図Aは、活性化ペプチドに対する蛍光シグナルを示す。表代表データは、adoによって示されるように、圧痛サイクルのベースラインを作成した後に追加されたcram12ペプチドに対応する。図Bは、340ナノメートルでの励起後の蛍光発光の比を、380ナノメートルで励起した後の蛍光発光の比率を示す。
この図は、ブランクの代表データです。図Aは、ブランクに対する蛍光信号を示す。HTBは、adoによって示されるように10の供給サイクルのためのベースラインを希釈した後に添加した。
図Bは、380ナノメートルでの励起後の蛍光放射の340ナノメートルの励起後の蛍光放射の配給を示す。この図は、染料校正の規格の代表的なデータです。図Aは、カシェム結合状態で最大蛍光を得るためにadoによって示されるように、10回目の測定値でイオノマイシンを添加したことを示す。
EGPAトリトンX00は、最小信号を得るadoによって示されるように、20の読み取り値の後に追加されました。図Bは、380ナノメートルでの励起後の蛍光放射と蛍光放射の340ナノメートルの励起後の蛍光放射の比率を示す。これらの値は、濃度の細胞内キャッシュを取得するためにGrynkiewicz方程式にさらに入れられます。
この図は、代表的なペプチドの配列と純度を確認するための特性を示しています。図Aは、代表ペプチド配列WNK WALの縦質量が857.90染色薄化であったを示す。これは、質量分光法におけるZed比に対するNによって示される。
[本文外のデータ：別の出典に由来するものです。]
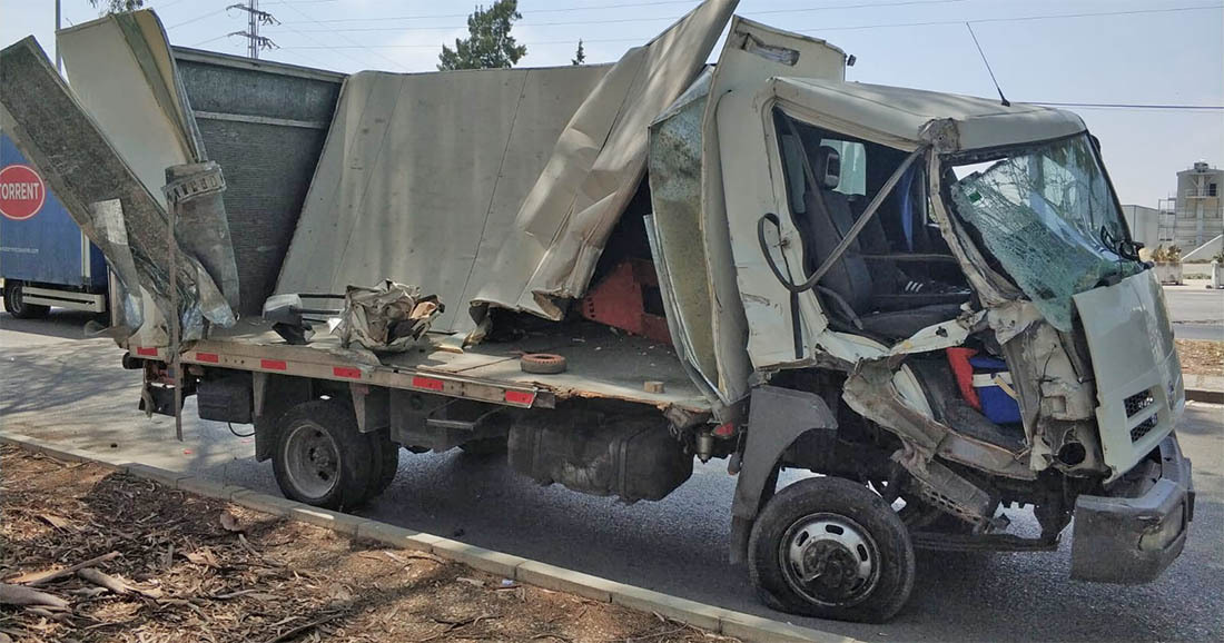Tras pinchar una rueda perdió el control del vehículo y colisiona con otro camión correctamente estacionado
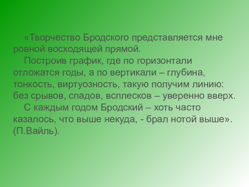 Слайд 4 «Творчество Бродского представляется мне ровной восходящей прямой.
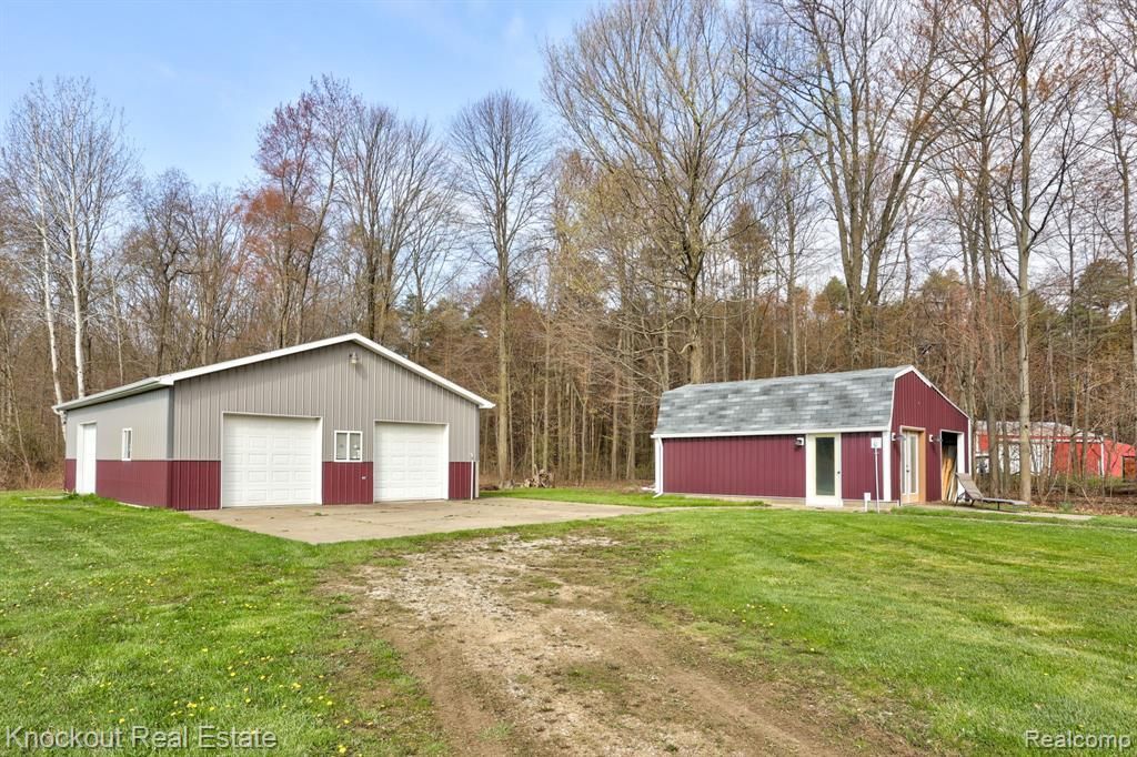 Step into a setting you simply can’t recreate—where history, nature, and privacy come together. Tucked away on a quiet dead-end road, this 2-acre wooded retreat carries whispers of the historic Pere Marquette Railway, with the original rail path still visible as it winds through the woods—an irreplaceable backdrop with wildlife that sets this home apart from anything else on the market. Surrounded by mature trees and neighboring old Jersey shrubs at the blueberry farm, the setting offers a rare blend of seclusion and charm—peaceful, scenic, and unmistakably one-of-a-kind. Inside, this 2,000 sq ft ranch features a highly desirable split floor plan, with a private primary suite with a fully remodeled (2026) bathroom showcasing a tiled walk-in shower. The main living space flows effortlessly from the open living room into the dining area and kitchen, then into a warm and inviting family room with vaulted ceilings and a wood-burning brick fireplace—perfect for Michigan evenings. A sliding door leads to your own wooded backyard retreat. Function meets flexibility outside with a 30x40' pole barn (cement floors, electric) and a standout 18x24' fully remodeled accessory building—complete with drywall, cement, electric, loft space, and its own driveway. Whether you envision a home office, workshop, creative studio, or private hangout, this space opens the door to endless possibilities. Additional features include stainless Kenmore gas range, Bosch dishwasher, newer Rheem water heater, Midwest water softener, and a 220 outlet off the deck. All of this just minutes from Otter Lake and M-15—giving you the feeling of being miles away, without sacrificing convenience.
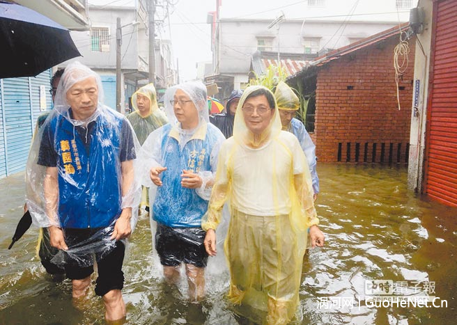 暴雨重创南台湾,嘉义县东石乡掌潭村淹水严重。(图片来源:台湾《中时电子报》) 8月29日讯 823水灾一路从屏东、高雄淹到台南、嘉义,面对水灾,台湾地区领导人蔡英文乘装甲车勘灾不忘微笑向受灾群众挥手致意;“行政院长”赖清德呛批评治水破功的人“去当上帝”;“内政部长”徐国勇放话治水像感冒,没有药让人永远不感冒。随后又曝出蔡英文副手陈建仁带着全家人到金门度假、“立法院长”苏嘉带家人赴日本的消息。正如台媒所指,在一连串高官失言、失态事件传出下,民进党当局已经声望扫地,一场水患不只显现出当局未能苦民所苦的心态,也淹出民进党把南台湾支持者吃够够的嘴脸。 据台湾《中国时报》报道,陈建仁在南台湾大淹水的第二天就带家人到金门度假3天2夜,虽然在人多的景点特意戴上口罩,但仍在翟山坑道遭眼尖陆客团认出并要求合照。据了解,陈建仁相当错愕,随扈也吓了一大跳,赶忙阻挡。
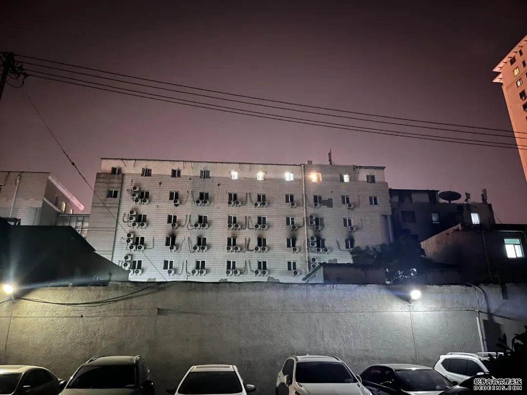 从正面看,东楼有7层,起火层在5层,窗口墙体有明显被火熏黑的痕迹;转到背面,东楼“变成”了8层,第8层和下面几层的外立面明显不同,从正面看不到的这一层,像后期加盖所为。

図Bは、HPLCにより確認された99%のペプチド純度を示す。このペプチドは、N+C切り捨てられたペプチドライブラリーに属する。結論として、ここで説明する方法は、カルシウムベースの最後のスクリーニングのために効率的かつ明るくすることができる簡単で汎用性です。
しかし、データの品質を決定するいくつかの要因があるため、特定のセル計器システムに合わせて構成を最適化する必要があります。ありがとうございました。